I swapped Jennifer some of my chicken for one of her lamb kebabs. I think lamb is one of those meats that you either like or don’t like – I happen to enjoy it – and this preparation, which seems to involve rolling or marinating the lamb cubes in a mixture of spices (again, hard to identify but oh so good), then roasting over an open flame, gave the lamb a spicy crust and tender interior. It came with a thin tahini sauce, a mixture of yogurt and cucumber, on the side that both Jennifer and I felt overpowered the meat.
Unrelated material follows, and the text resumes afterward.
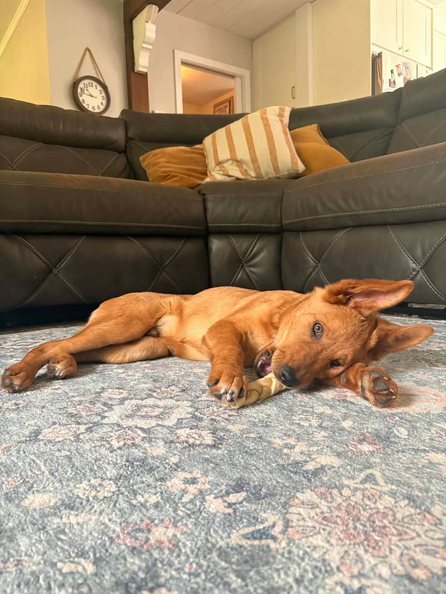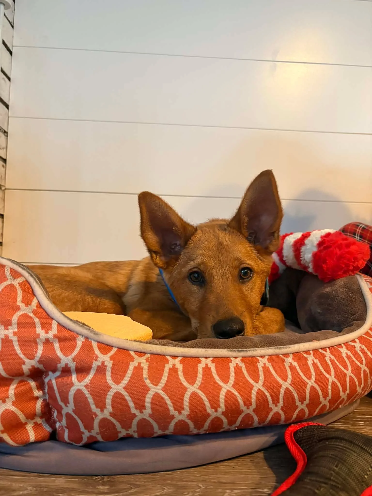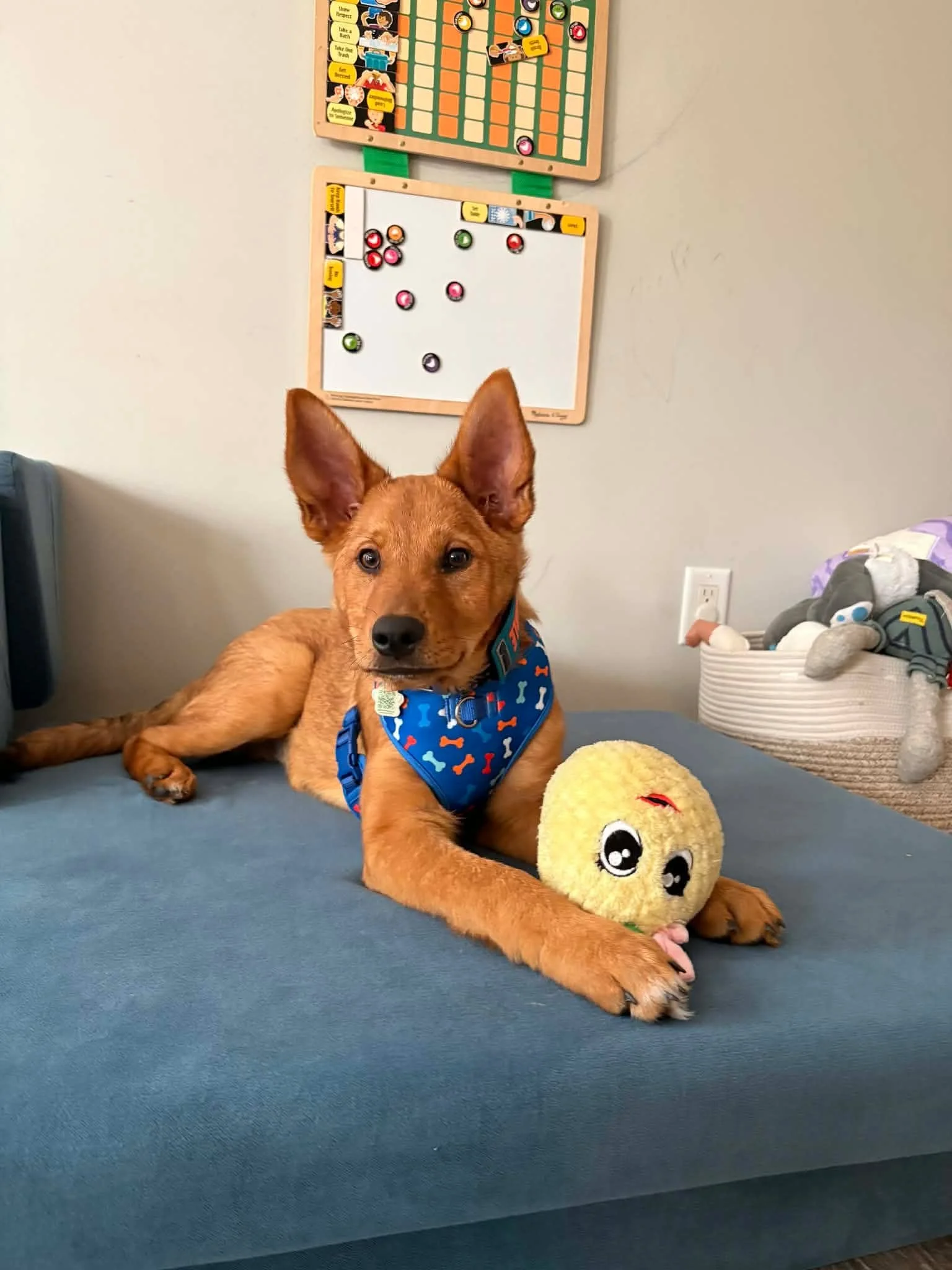 At home, Jigsaw is a gentle, easygoing pup who loves playing with his favorite stuffies and relaxing near his people. Outside is where his curious side shines—he’s full of energy, adores playing with kids, and never misses the chance to explore the forest (always on the hunt for the perfect stick).

Accompanied by the rice, which was mixed with short pieces of noodle and sprinkled with parsley, it was a big meal, and I even had enough left to bring a small box home. But even though we both were full, it was easy to convince Jenn to go for a crepe with me. Our first choice – the ashta with rose syrup and pistachios – wasn’t available because they were out of the thick cream, so we went with choice No. 2, the Nutella with sliced bananas.
The crepe, when it arrived, was glorious, a golden triangle crisscrossed with hot fudge and stuffed with bananas and the hazelnut spread. We dived in with fresh forks, and the creamy Nutella oozed out dreamily as we cut into it. And the first bite? Imagine a warm chocolate bar, flavored with banana, wrapped inside a thin, thin pancake. As far as desserts go, it was definitely worth the price and the calories.
When I brought my leftovers home, my husband devoured the contents, then promptly asked where his crepe was. I give the restaurant fair warning – we’re coming back, so get your crepes ready.
ON THE MENU
WHERE: Laziza Mediterranean Grill, 4272 Washington Road, Evans
HOURS: Monday-Saturday, 11:30 a.m. to
9 p.m.; Sunday, 11:30 a.m. to 3 p.m.